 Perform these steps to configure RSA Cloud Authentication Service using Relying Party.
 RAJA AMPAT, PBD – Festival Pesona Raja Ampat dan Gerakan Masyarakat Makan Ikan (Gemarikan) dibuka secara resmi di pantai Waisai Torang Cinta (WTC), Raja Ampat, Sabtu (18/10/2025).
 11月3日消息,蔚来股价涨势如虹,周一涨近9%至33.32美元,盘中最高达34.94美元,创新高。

---

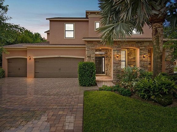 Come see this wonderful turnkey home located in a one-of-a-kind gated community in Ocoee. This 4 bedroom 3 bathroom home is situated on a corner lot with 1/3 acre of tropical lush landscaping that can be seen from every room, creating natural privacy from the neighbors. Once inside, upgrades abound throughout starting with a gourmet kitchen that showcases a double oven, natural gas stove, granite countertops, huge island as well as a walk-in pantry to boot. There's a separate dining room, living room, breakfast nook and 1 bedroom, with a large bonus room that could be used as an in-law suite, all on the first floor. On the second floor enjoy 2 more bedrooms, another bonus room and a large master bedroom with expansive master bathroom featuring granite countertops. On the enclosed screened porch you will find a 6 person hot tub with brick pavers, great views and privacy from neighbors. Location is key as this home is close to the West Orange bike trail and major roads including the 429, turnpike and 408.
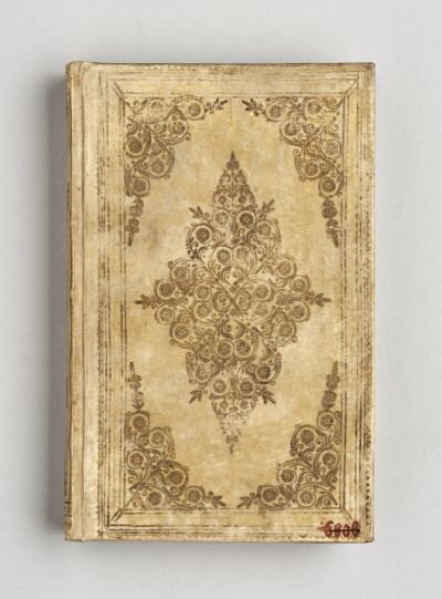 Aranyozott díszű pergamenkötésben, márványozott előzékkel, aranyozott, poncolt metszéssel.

== What you are asked to do ==
Return only the part above that opens with the line containing "Come see this" and closes with the line containing "Aranyozott díszű pergamenkötésben, márványozott", exactly and with both ends, skipping the pictures.

== Finished task ==
 Come see this wonderful turnkey home located in a one-of-a-kind gated community in Ocoee. This 4 bedroom 3 bathroom home is situated on a corner lot with 1/3 acre of tropical lush landscaping that can be seen from every room, creating natural privacy from the neighbors. Once inside, upgrades abound throughout starting with a gourmet kitchen that showcases a double oven, natural gas stove, granite countertops, huge island as well as a walk-in pantry to boot. There's a separate dining room, living room, breakfast nook and 1 bedroom, with a large bonus room that could be used as an in-law suite, all on the first floor. On the second floor enjoy 2 more bedrooms, another bonus room and a large master bedroom with expansive master bathroom featuring granite countertops. On the enclosed screened porch you will find a 6 person hot tub with brick pavers, great views and privacy from neighbors. Location is key as this home is close to the West Orange bike trail and major roads including the 429, turnpike and 408.
 Aranyozott díszű pergamenkötésben, márványozott előzékkel, aranyozott, poncolt metszéssel.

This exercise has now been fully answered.